▸ **Assigned task**
Quote each line of the material verbatim, without the pictures.

▸ **Information shown**
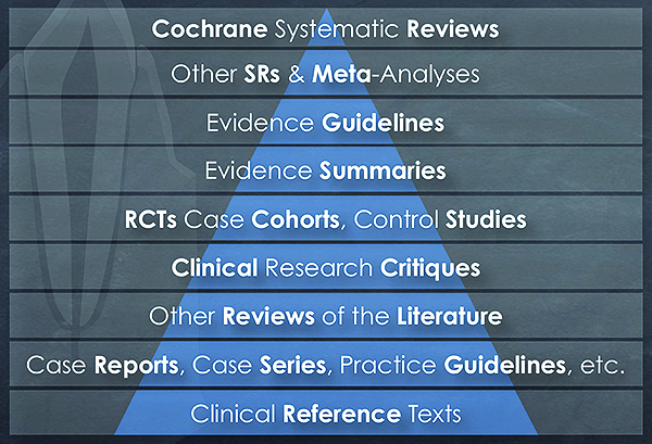 When comparing therapies, one should first review the hierarchy of evidence in which findings from systematic reviews and meta-analyses weigh more heavily than those of case reports (Figure 2). When the goal is to increase KT, what evidence is available for the selection of biomaterial alternatives to harvest grafts? Many case reports and case series are available, but to the author’s knowledge, only one systematic review2 has been published. In 2009 Thoma et al2 evaluated studies of allogeneic dermal matrices (ADMs), living cell constructs (LCCs), and other alternative biomaterials compared against autogenous tissue grafts, ie, free gingival grafts (FGGs). The authors found that the variables contributing to success were biomaterial selection, patient characteristics, and surgical techniques. Patient factors were local plaque and tissue biotype, compliance, preference, and expectations. Patient systemic health, including medication use and smoking status, was also an issue. Overall, the “gold standard” therapy for KT generation was autogenous tissue (AT) combined with an apically positioned flap (FGG+APF), which, compared with alternative therapies, significantly improved KT and AT clinical outcomes.
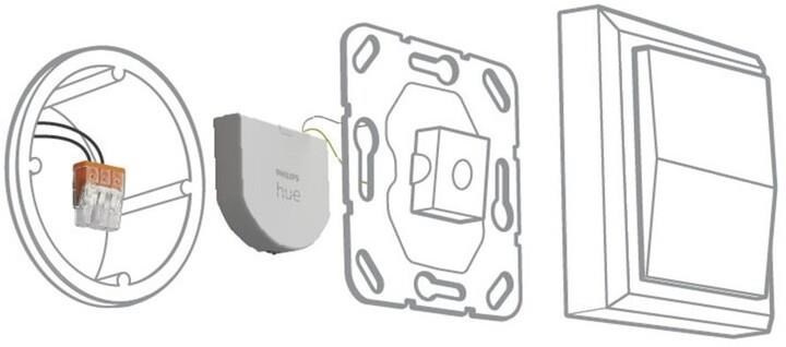 Modul nástenného vypínača Philips Hue vyžaduje Philips Hue Bridge (predáva sa samostatne). Hue Bridge vám tiež umožní pridať do celej domácnosti až 50 svetiel a príslušenstva, vytvárať časovače a rutiny a ovládať svetlá odkiaľkoľvek pomocou aplikácie Hue – či už ste vo vnútri alebo vonku.
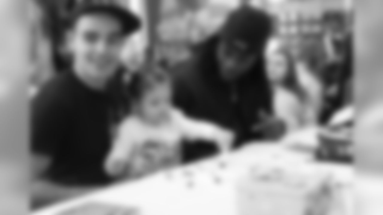 Patriots Jermaine Cunningham, Steven Gostkowski, Zoltan Mesko, Danny Aiken and former Patriot Ed Ellis joined Patriots fans, staff and children to create holiday cards for military serving overseas in the Patriots ProShop.

▸ **Answer space**
 When comparing therapies, one should first review the hierarchy of evidence in which findings from systematic reviews and meta-analyses weigh more heavily than those of case reports (Figure 2). When the goal is to increase KT, what evidence is available for the selection of biomaterial alternatives to harvest grafts? Many case reports and case series are available, but to the author’s knowledge, only one systematic review2 has been published. In 2009 Thoma et al2 evaluated studies of allogeneic dermal matrices (ADMs), living cell constructs (LCCs), and other alternative biomaterials compared against autogenous tissue grafts, ie, free gingival grafts (FGGs). The authors found that the variables contributing to success were biomaterial selection, patient characteristics, and surgical techniques. Patient factors were local plaque and tissue biotype, compliance, preference, and expectations. Patient systemic health, including medication use and smoking status, was also an issue. Overall, the “gold standard” therapy for KT generation was autogenous tissue (AT) combined with an apically positioned flap (FGG+APF), which, compared with alternative therapies, significantly improved KT and AT clinical outcomes.
 Modul nástenného vypínača Philips Hue vyžaduje Philips Hue Bridge (predáva sa samostatne). Hue Bridge vám tiež umožní pridať do celej domácnosti až 50 svetiel a príslušenstva, vytvárať časovače a rutiny a ovládať svetlá odkiaľkoľvek pomocou aplikácie Hue – či už ste vo vnútri alebo vonku.
 Patriots Jermaine Cunningham, Steven Gostkowski, Zoltan Mesko, Danny Aiken and former Patriot Ed Ellis joined Patriots fans, staff and children to create holiday cards for military serving overseas in the Patriots ProShop.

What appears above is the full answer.